Journal of Clinical Epidemiology
|April 23, 2005
Summary
Self-reported health (SRH) models often lack appropriate determinants and exhibit methodological flaws. Future research should focus on comprehensive candidate lists and rigorous multivariate modeling for accurate SRH assessment.
Area of Science:
- Health outcomes research
- Biostatistics
- Epidemiology
Background:
- Self-reported health (SRH) is a key indicator of well-being.
- SRH is influenced by numerous, diverse parameters.
- Understanding these determinants requires robust modeling.
Purpose of the Study:
- To evaluate the range of determinants used in SRH models.
- To identify methodological issues in multivariate SRH studies.
- To improve the quality of SRH research.
Main Methods:
- Medline search for articles published in 2002.
- Included studies with SRH as an outcome and other variables as determinants.
- Excluded studies focused on specific diseases.
Main Results:
- 56 of 1,991 articles were eligible.
- Multivariate models were used in 91% of eligible studies.

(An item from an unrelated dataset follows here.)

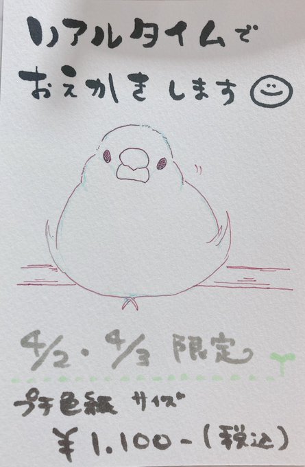 3 28 ドローイングやってます! 似顔絵でなくても大丈夫です! #桜とことり展 22/04/02 15:32
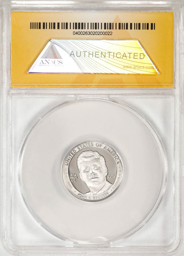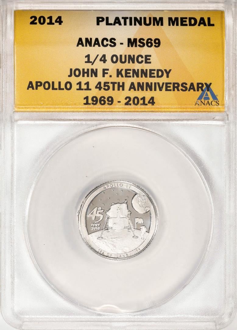 One 2014 Proof 1/4 oz Platinum JFK Apollo 11 Anniversary Medal ANACS MS69. ANACS Certified.

- 133 unique determinants were identified, with a median of 7 per study.
- Significant methodological issues were found: overfitting (10%), non-linear gradients (29%), lack of interaction tests (63%), unspecified coding (49%), and variable selection (29%).
Conclusions:
- SRH models require comprehensive determinant lists.
- Methodological rigor in multivariate modeling is crucial.
- Addressing identified issues will enhance SRH model validity.